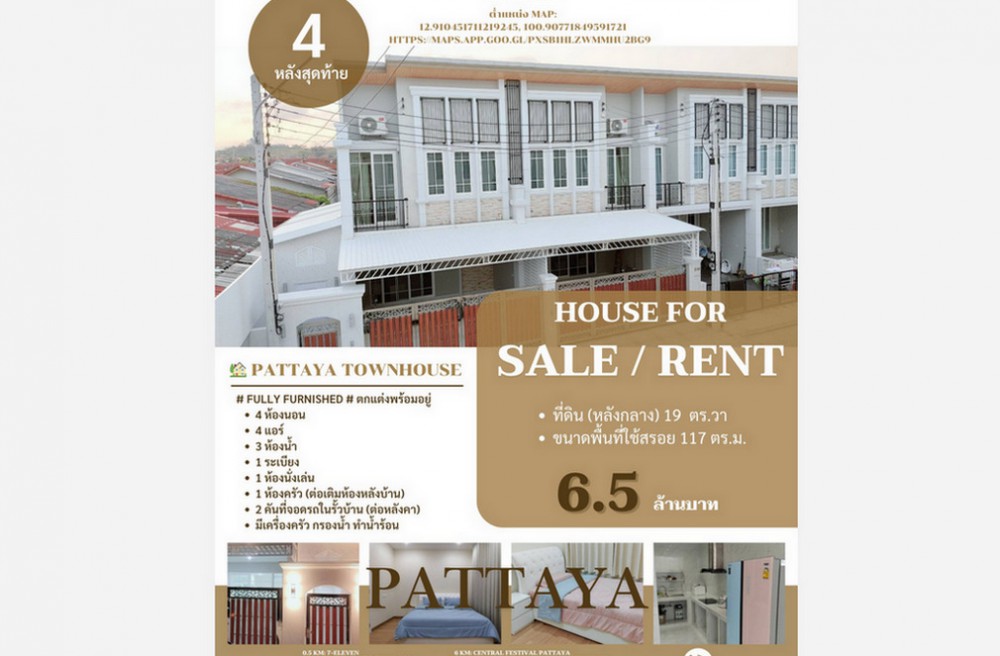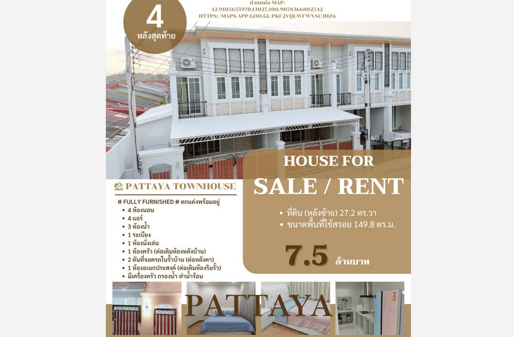 บางละมุง , จังหวัดชลบุรีGolden Town South Pattaya-Sukhumvit ทาวน์โฮมใหม่ สไตล์อังกฤษ 4 ห้องนอน 3 ห้องน้ำ (มีหลายยูนิตให้เลือก) ใกล้เซ็นทรัล พัทยา
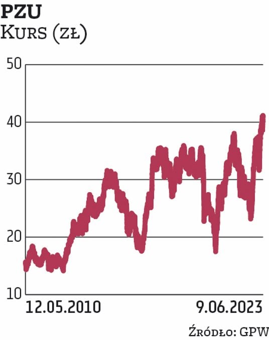 Kurs akcji największego polskiego ubezpieczyciela na warszawskiej Giełdzie Papierów Wartościowych bije historyczne rekordy. Kiedy na początku maja spółka zapowiedziała, że podczas zwyczajnego walnego zgromadzenia zaproponuje akcjonariuszom wypłatę dywidendy w wysokości 2,40 zł na akcję i przeznaczy na nią 2,07 mld zł, kurs PZU sięgnął 39 zł. W zeszłym tygodniu walne zgromadzenie przyjęło propozycję władz spółki. Jej kurs na GPW przebił poziom 41 zł i od tego momentu waha się w okolicach tej wartości. Jest rekordowy w historii notowań PZU na GPW. Spółka zadebiutowała na warszawskim parkiecie w 2010 r. Czy wzrost notowań to jedynie efekty wypłaty dywidendy?
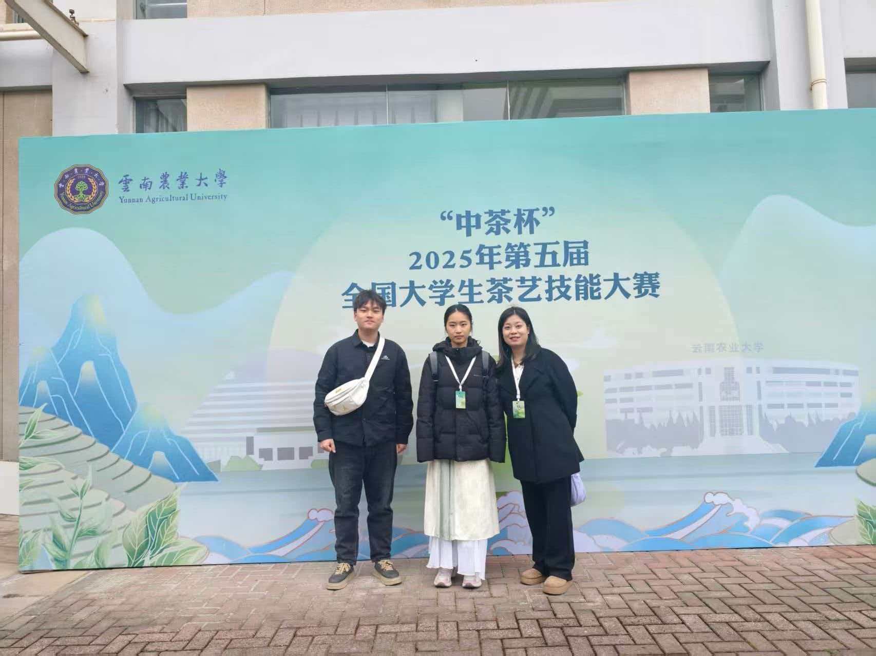 近日,“中茶杯”2025年第五届全国大学生茶艺技能大赛在云南农业大学圆满落幕。本次大赛由高等学校国家级实验教学示范中心联席会主办,汇聚了全国26所高校的226位优秀选手,以“传承创新·技艺融合·文化交流”为宗旨,搭建起全国高校茶文化交流与技艺比拼的高端平台。南京农业大学学子谷澍、何颖琳怀揣对中华茶文化的赤诚热爱,在赵真老师的带领下,分别征战个人赛B组(品饮茶艺)与A组(自创茶艺)赛道,凭借扎实的专业素养与饱满的精神风貌圆满完成赛事,均荣获个人赛优秀奖,展现了南农学子在茶文化传承与创新中的青春担当。
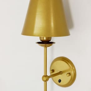 Modelo : 6003 Cor es : dourado Material : alumínio Cúpula de tecido : 17cm x 16,5cm Base canopla : 12cm Soquete da luminária : e27 Número de lâmpadas : 1 lâmpada Voltagem : 127v / 220v Medida : 50cm x 19cm x 16,5cm Conteúdo da embalagem : 3 arandela

PROBLEM STATEMENT
Produce an exact copy of the lines from the line with "Kurs akcji największego" through the last line of the data above, both ends included. No pictures belong in it.

TASK ANSWER
 Kurs akcji największego polskiego ubezpieczyciela na warszawskiej Giełdzie Papierów Wartościowych bije historyczne rekordy. Kiedy na początku maja spółka zapowiedziała, że podczas zwyczajnego walnego zgromadzenia zaproponuje akcjonariuszom wypłatę dywidendy w wysokości 2,40 zł na akcję i przeznaczy na nią 2,07 mld zł, kurs PZU sięgnął 39 zł. W zeszłym tygodniu walne zgromadzenie przyjęło propozycję władz spółki. Jej kurs na GPW przebił poziom 41 zł i od tego momentu waha się w okolicach tej wartości. Jest rekordowy w historii notowań PZU na GPW. Spółka zadebiutowała na warszawskim parkiecie w 2010 r. Czy wzrost notowań to jedynie efekty wypłaty dywidendy?
 近日,“中茶杯”2025年第五届全国大学生茶艺技能大赛在云南农业大学圆满落幕。本次大赛由高等学校国家级实验教学示范中心联席会主办,汇聚了全国26所高校的226位优秀选手,以“传承创新·技艺融合·文化交流”为宗旨,搭建起全国高校茶文化交流与技艺比拼的高端平台。南京农业大学学子谷澍、何颖琳怀揣对中华茶文化的赤诚热爱,在赵真老师的带领下,分别征战个人赛B组(品饮茶艺)与A组(自创茶艺)赛道,凭借扎实的专业素养与饱满的精神风貌圆满完成赛事,均荣获个人赛优秀奖,展现了南农学子在茶文化传承与创新中的青春担当。
 Modelo : 6003 Cor es : dourado Material : alumínio Cúpula de tecido : 17cm x 16,5cm Base canopla : 12cm Soquete da luminária : e27 Número de lâmpadas : 1 lâmpada Voltagem : 127v / 220v Medida : 50cm x 19cm x 16,5cm Conteúdo da embalagem : 3 arandela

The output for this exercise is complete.